Voraussetzung ist ein ausreichend erhaltenes postoperatives Restgehör bei 500 und 250 Hz. Dieses sollte postoperativ bei 65 dB bzw 50 dB oder besser liegen. Die Abschätzung des implantationsbedingten Hörverlustes gelingt anhand vorhandener statistische Daten implantierter Patienten. Dies bedeutet, dass in der Regel der präoperative Hörverlust im Tieftonbereich bei 500 Hz nicht mehr als 55 dB und bei 250 Hz nicht mehr als 40 dB betragen sollte. Zusätzlich sollte der Patient ausreichende Hörerfahrung mit Hörgeräten haben und motiviert sein, ein Hybridsystem mit akustischer Komponente im Gehörgang zu tragen.
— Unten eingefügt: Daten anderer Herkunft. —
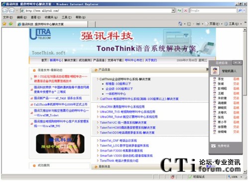 訪客可以通過(guò)點(diǎn)擊網(wǎng)站的 “客服”鏈接自動(dòng)選擇交談對(duì)象或點(diǎn)擊“客服人員”進(jìn)行交談。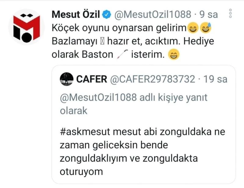 Cafer isimli bir takipçisi tarafından kendisine “Mesut abi Zonguldak’a ne zaman geleceksin? Bende Zonguldaklıyım ve Zonguldak’ta oturuyorum” sorusuna ise ünlü futbolcu “Köçek oyunu oynarsan gelirim. Bazlamayı hazır et acıktım. Hediye olarak baston isterim” dedi.

Liegt bei dem Patienten eine chronische Gehörgangsentzündung vor, ist ggf. von dieser Versorgungsform Abstand zu nehmen.
Bei einer Hörschwelle im Tieftonbereich von 20 dB und besser kann die effektive Nutzung des Restgehörs ohne Hörgerätekomponente erfolgen (sog ENS Electro-Natural Stimulation) ([Abb. 15]).
Auch in der Versorgung von Kleinkindern sollte das Restgehör speziell im Tieftonbereich getestet werden, um es für EAS oder ENS nutzen zu können. Etwa 20% der Kinder kommen dafür in Frage.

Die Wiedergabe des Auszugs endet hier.